なにが、正しいことなのか?ということについては、簡単には解決がつかないことだが、この問題は高速道路でも起こり得る。

そこで、まずは、高速道路上に自動運転レーンを作る、自動運転可能エリアが決められる、などという動きから始まり、徐々に一般道で自動運転カーが走る日がくるのだと思われる。

ジュネーブ条約と保険制度の問題

こういった技術的、倫理的な問題が解決したとしても、「なぜまだ自動運転の未来が実現されないのか?」という質問に答えるのに、大きい問題とされるのは国際条約と保険制度だ。1949年にジュネーブで作成された道路交通に関する条約では、「車両又は連結車両には、それぞれ運転者がいなければならない」という大前提がある。自動運転のコンセプトカーでは、運転席がなくラウンジのような席になっているクルマがあるが、現状では、「運転席に人がいない」ということがそもそも許されていない。
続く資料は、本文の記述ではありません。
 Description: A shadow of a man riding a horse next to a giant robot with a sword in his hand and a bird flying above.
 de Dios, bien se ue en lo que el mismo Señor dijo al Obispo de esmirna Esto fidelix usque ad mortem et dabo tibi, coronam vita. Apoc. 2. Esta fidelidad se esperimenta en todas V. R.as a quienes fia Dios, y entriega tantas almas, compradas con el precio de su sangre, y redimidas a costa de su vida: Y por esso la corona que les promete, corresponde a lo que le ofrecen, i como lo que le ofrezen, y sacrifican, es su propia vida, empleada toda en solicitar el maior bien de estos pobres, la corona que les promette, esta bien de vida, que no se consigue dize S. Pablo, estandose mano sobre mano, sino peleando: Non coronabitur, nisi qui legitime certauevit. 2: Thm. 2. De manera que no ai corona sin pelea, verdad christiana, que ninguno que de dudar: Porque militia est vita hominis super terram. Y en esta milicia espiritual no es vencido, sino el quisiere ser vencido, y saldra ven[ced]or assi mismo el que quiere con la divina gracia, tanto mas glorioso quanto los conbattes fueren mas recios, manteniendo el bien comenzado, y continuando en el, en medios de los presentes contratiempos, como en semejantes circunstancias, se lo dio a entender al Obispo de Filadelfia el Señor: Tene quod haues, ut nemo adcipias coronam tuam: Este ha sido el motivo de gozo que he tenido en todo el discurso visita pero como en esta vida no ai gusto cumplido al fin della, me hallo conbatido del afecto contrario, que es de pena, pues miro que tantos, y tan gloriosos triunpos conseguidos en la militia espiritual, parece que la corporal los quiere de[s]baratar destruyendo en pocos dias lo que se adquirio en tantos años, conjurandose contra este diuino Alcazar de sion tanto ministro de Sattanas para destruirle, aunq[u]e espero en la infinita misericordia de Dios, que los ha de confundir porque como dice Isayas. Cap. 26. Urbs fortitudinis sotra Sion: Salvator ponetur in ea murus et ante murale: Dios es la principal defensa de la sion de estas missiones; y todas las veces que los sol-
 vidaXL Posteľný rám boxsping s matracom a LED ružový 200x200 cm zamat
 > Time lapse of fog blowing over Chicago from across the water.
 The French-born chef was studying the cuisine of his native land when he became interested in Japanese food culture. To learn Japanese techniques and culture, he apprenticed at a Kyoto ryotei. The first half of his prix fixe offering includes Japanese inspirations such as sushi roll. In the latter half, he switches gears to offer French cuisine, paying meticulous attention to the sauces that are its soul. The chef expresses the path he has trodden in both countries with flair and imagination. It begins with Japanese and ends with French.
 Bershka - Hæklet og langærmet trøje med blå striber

また、保険制度については、自動運転カーの起こした事故は誰の原因で、誰が保険金を支払うのか?という点を解決する必要がある。

自動運転の技術はありながらも、法整備も整っていないので、仮に技術が完成したとしても日本の車道を走ることが許されていないから、自動運転の未来が実現されていないというのが大方の見方だ。
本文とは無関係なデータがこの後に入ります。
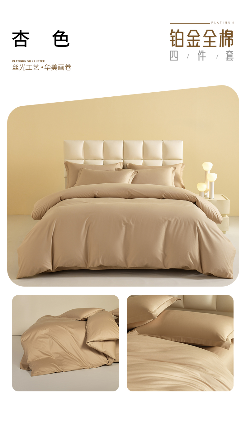 当前位置: 91家纺网 > 商品网购 > 床品套件 > 四件套 > 全棉活性四件套 > 元元被芯 2025款纯色全丝光-全精梳高密纺-铂金A类全棉四件套 杏色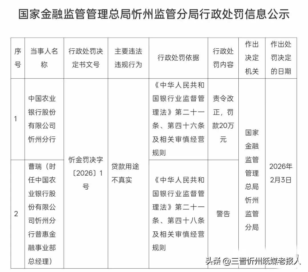 忻州金融一号罚单,2026年春节前夕,国家金融监督管理总局网站发布处罚决定,中国农业银行忻州分行因贷款用途不真实被责令改正并罚款20万元,时任相关负责人曹某予以警告处分。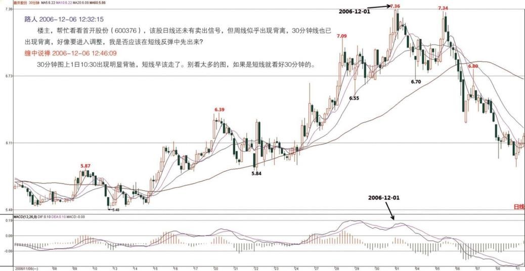 本 ID 用的 MACD 指标周期比普通的要长一倍,按普通的指标,4 月 13 日的背驰构成的是 MACD 指标双头走势,一般到零轴后都有双次拉回,这次才是构成最终的背驰。有关背驰的内容课上会详细说。(2006-12-05 22:12:54)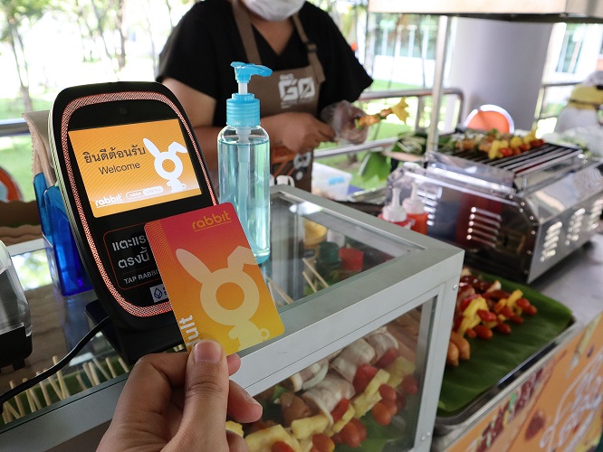 รัชนี แสนศิลป์ชัย กรรมการผู้จัดการ บริษัท บางกอก สมาร์ทการ์ด ซิสเทม (บีเอสเอส) ผู้ให้บริการบัตรแรบบิท (Rabbit Card) ร่วมกับ ศ.ดร.สุชัชวีร์ สุวรรณสวัสดิ์ อธิการบดี สถาบันเทคโนโลยีพระจอมเกล้าเจ้าคุณทหารลาดกระบัง(สจล.) เปิดตัวนวัตกรรมรถเข็นขายอาหาร รองรับการชำระเงินด้วยบัตรแรบบิท เพื่อหลีกเลี่ยงการสัมผัสเชื้อโรคที่อาจปนเปื้อนมากับธนบัตรและเหรียญ เพิ่มความมั่นใจให้ผู้บริโภคในยุค New Normal ณ งาน KMITL Street Food Academy 2020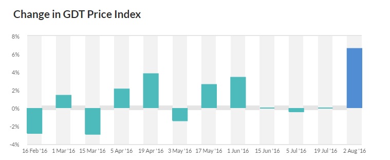 Dairy product prices rose 6.6% at today’s Global Dairy Trade auction, after several weeks of flat dairy prices.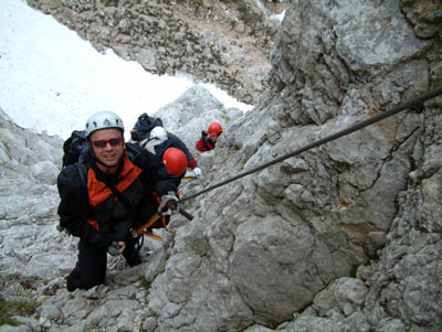 A Júliai-Alpok egyik legnehezebb, leglátványosabb útja. Szinte végig mászni kell, a mászás jellemzően kissé nehéz, pár rövidebb szakaszon nehéz.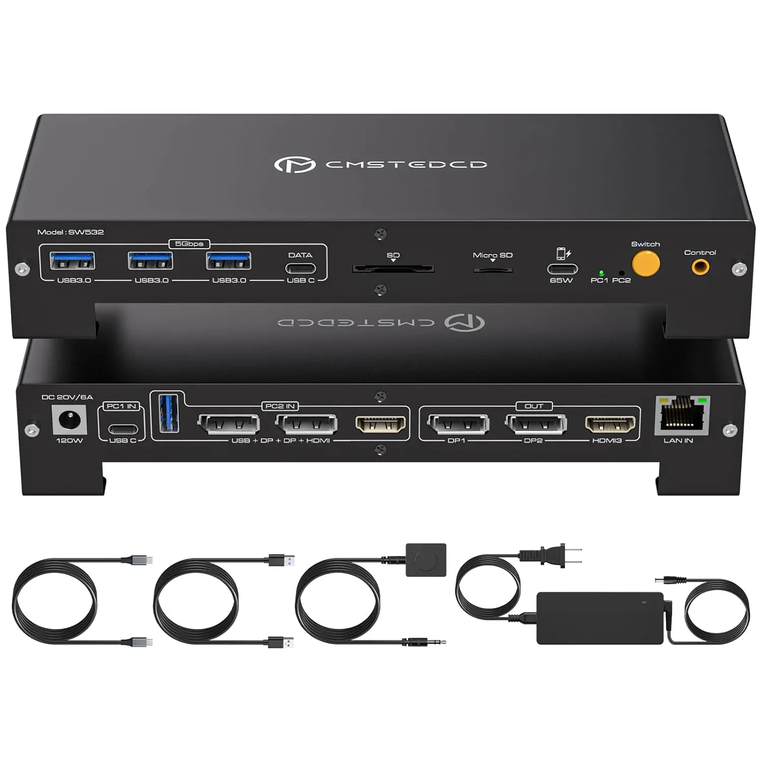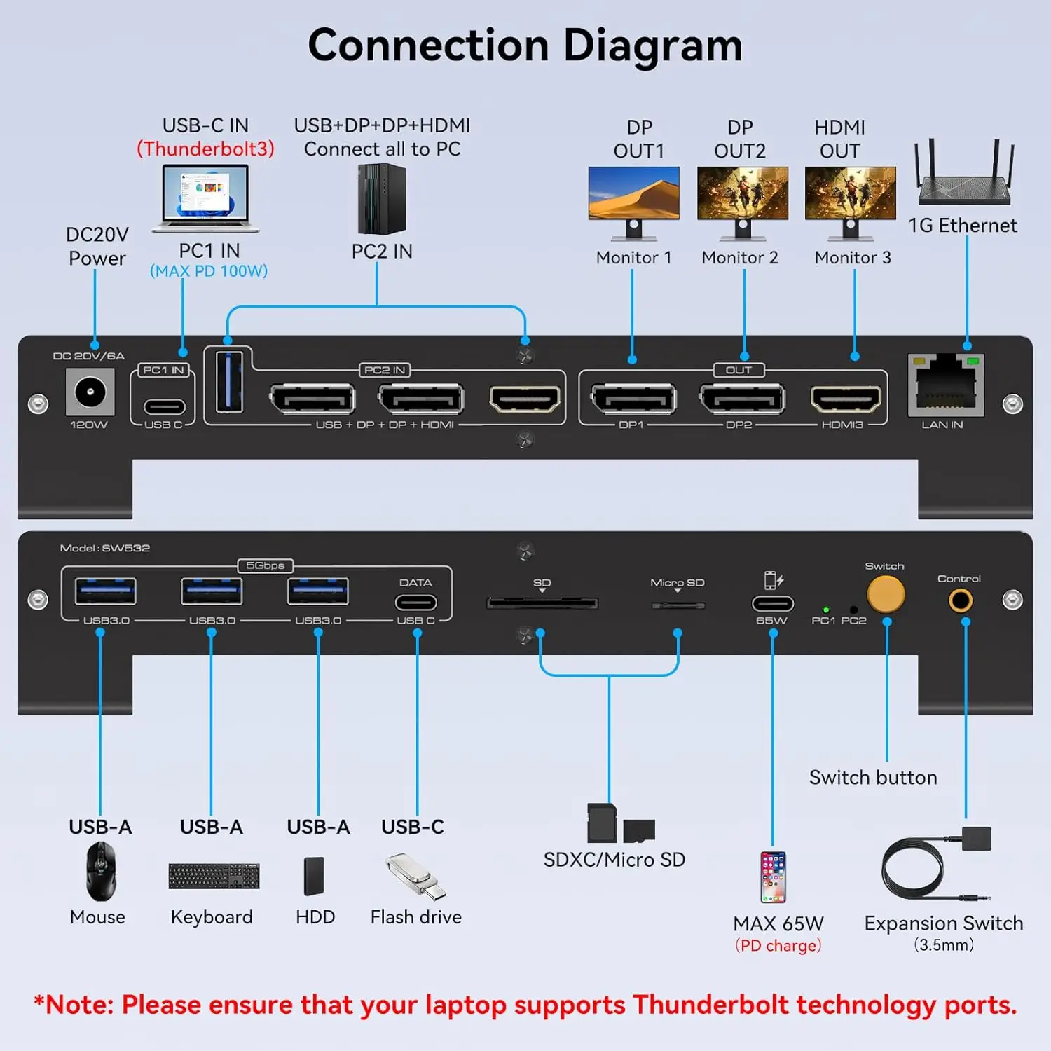 【강력한 KVM 도킹 스테이션】: 이 KVM 스위치를 사용하면 업무용 노트북과 개인용 컴퓨터가 모니터 3개와 키보드 마우스 1세트를 공유할 수 있을 뿐만 아니라 USB 3을 포함한 15 in 1 도킹 스테이션을 공유할 수 있습니다.USB C 날짜 포트 0개;디스플레이 포트;HDMI 포트;기가비트 이더넷 포트;마이크로 SD/SD 카드 슬롯 등; 노트북에 60W 고속 충전 및 100W POWER LOGIC 공급 장치를 지원합니다. 생산성, 엔터테인먼트 또는 창의적인 작업을 위한 최고의 도킹 스테이션입니다.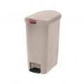 Slim Jim® Utility Container, 13 gallon (50 liter), 20-3/4"W x 13-1/2"D x 28-3/8"H, slim profile, internal hinged lid, end step-on pedal, small footprint, indoor, resin, beige, FM approved, meets OSHA & OBRA standards, Made in USA (16 week lead time)

しかし、これらの諸問題は議論によって解決がつくものだ。例えば、飛行機は離着陸以外はほとんど自動運転だが、そのことについて問題視する人はほとんどいない。飛行機は急な飛び出しなどがほぼあり得ないというなら、新幹線も自動運転の技術が進んでいることを考えればよい。これらは、初めから技術の進歩を受け入れる素養があり、事故が起きた場合の対応・対策についても人が決めたルールにのっとって対応しているのだから、クルマの自動運転も実現できるはずだ。

2020年の東京オリンピックに向けて、クルマの自動運転に期待がかかる。